» Excerpted records
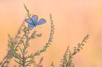Een heideblauwtje warmt zich op door de vleugels te openen en naar de zon te draaien.
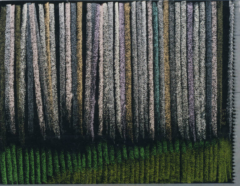 - NOTIZIE STORICO CRITICHE Altra variante del paesaggio è data da una serie di pastelli in cui l'immagine viene descritta mediante una cortina di segni paralleli o quasi, organizzati di volta in volta secondo un'economia differente: ora i segni si fanno più radi e lasciano spazio al fondo e al suo colore, che diventa un elemento più evidentemente costitutivo dell'immagine, ora i segni si fanno più fitti, fino quasi a nascondere il fondo lasciandone intravedere solo alcune linee sottili. C'è anche una differenza ritmica all'interno dell'utilizzo dei segni stessi: una più rigorosa data dall'utilizzo esclusivo di linee parallele, l'altra invece più "melodica" data dall'utilizzo di segni più brevi e ondulati. Di norma in tutti questi casi il paesaggio è dato dal dialogo fra i due elementi costitutivi cielo e terra o dal monologo di uno solo di questi elementi.
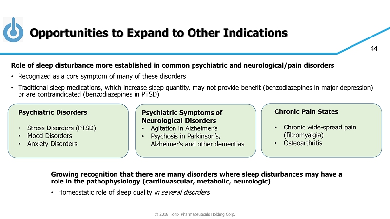 © 2018 Tonix Pharmaceuticals Holding Corp. 43 Tonmya Trazodone Trazodone (disordered sleep ), prazosin (night terrors) - Trazodone inhibits serotonin 5HT 2A receptors and serotonin reuptake (SARI) - Prazosin blocks norepinephrine a 1 receptors Prazosin SARI – S erotonin Receptor A ntagonist & R euptake I nhibitor (Stahl SM, CNS Spectrums, 2009;14:536).
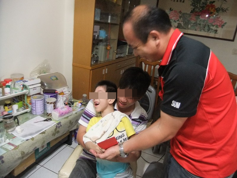 秘書長晚上前往關懷大里腦麻兒贈送安素24罐及慰問金
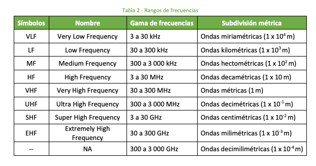 El espectro radioeléctrico es la porción del espectro electromagnético cuyo límite superior se fija convencionalmente por debajo de los 3,000 GHz.1 Conforme a la reglamentación internacional, en la tabla de abajo podrás apreciar como el espectro radioeléctrico se divide en nueve rangos de frecuencia.
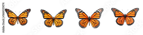 Fototapeta premium Monarch Butterfly Set: Vibrant Orange and Black Wings Isolated on White
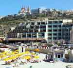 Mellieha Bay hotel is set on seven acres of beautifully landscaped and well tended gardens, on the waterfront of Malta's largest bay, and with it's own sandy beach and lido. It is a large hotel in a secluded spot with a magnificent views of the bay and the nearby village of Mellieha. This is a large hotel with 313 air conditioned bedrooms all sea facing
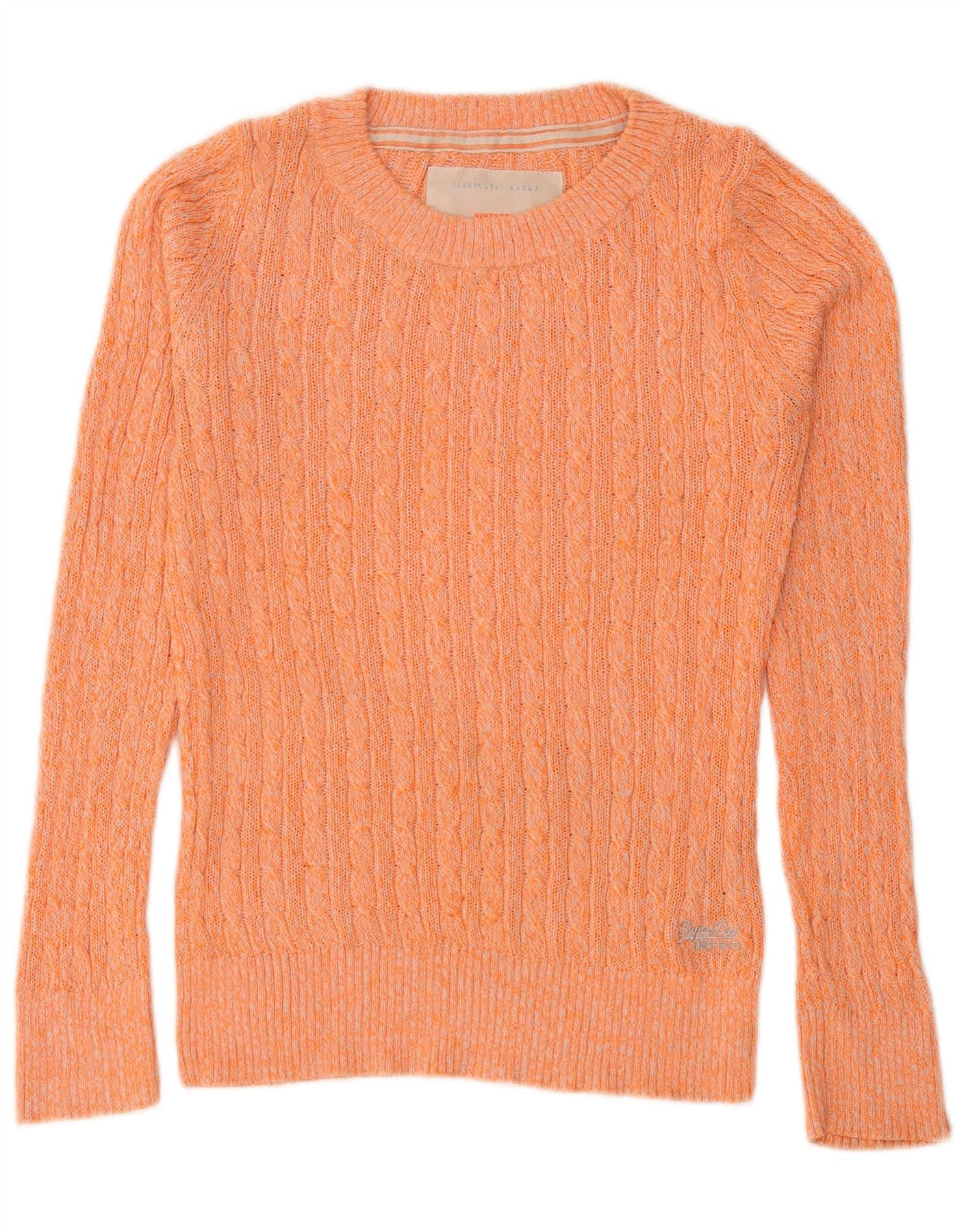 Женский джемпер с круглым вырезом Superdry UK 14, большой хлопок с оранжевыми крапинками

» Instructions to follow
With pictures excluded, output the listing above exactly as it stands.

» Response
Een heideblauwtje warmt zich op door de vleugels te openen en naar de zon te draaien.
 - NOTIZIE STORICO CRITICHE Altra variante del paesaggio è data da una serie di pastelli in cui l'immagine viene descritta mediante una cortina di segni paralleli o quasi, organizzati di volta in volta secondo un'economia differente: ora i segni si fanno più radi e lasciano spazio al fondo e al suo colore, che diventa un elemento più evidentemente costitutivo dell'immagine, ora i segni si fanno più fitti, fino quasi a nascondere il fondo lasciandone intravedere solo alcune linee sottili. C'è anche una differenza ritmica all'interno dell'utilizzo dei segni stessi: una più rigorosa data dall'utilizzo esclusivo di linee parallele, l'altra invece più "melodica" data dall'utilizzo di segni più brevi e ondulati. Di norma in tutti questi casi il paesaggio è dato dal dialogo fra i due elementi costitutivi cielo e terra o dal monologo di uno solo di questi elementi.
 © 2018 Tonix Pharmaceuticals Holding Corp. 43 Tonmya Trazodone Trazodone (disordered sleep ), prazosin (night terrors) - Trazodone inhibits serotonin 5HT 2A receptors and serotonin reuptake (SARI) - Prazosin blocks norepinephrine a 1 receptors Prazosin SARI – S erotonin Receptor A ntagonist & R euptake I nhibitor (Stahl SM, CNS Spectrums, 2009;14:536).
 秘書長晚上前往關懷大里腦麻兒贈送安素24罐及慰問金
 El espectro radioeléctrico es la porción del espectro electromagnético cuyo límite superior se fija convencionalmente por debajo de los 3,000 GHz.1 Conforme a la reglamentación internacional, en la tabla de abajo podrás apreciar como el espectro radioeléctrico se divide en nueve rangos de frecuencia.
 Fototapeta premium Monarch Butterfly Set: Vibrant Orange and Black Wings Isolated on White
 Mellieha Bay hotel is set on seven acres of beautifully landscaped and well tended gardens, on the waterfront of Malta's largest bay, and with it's own sandy beach and lido. It is a large hotel in a secluded spot with a magnificent views of the bay and the nearby village of Mellieha. This is a large hotel with 313 air conditioned bedrooms all sea facing
 Женский джемпер с круглым вырезом Superdry UK 14, большой хлопок с оранжевыми крапинками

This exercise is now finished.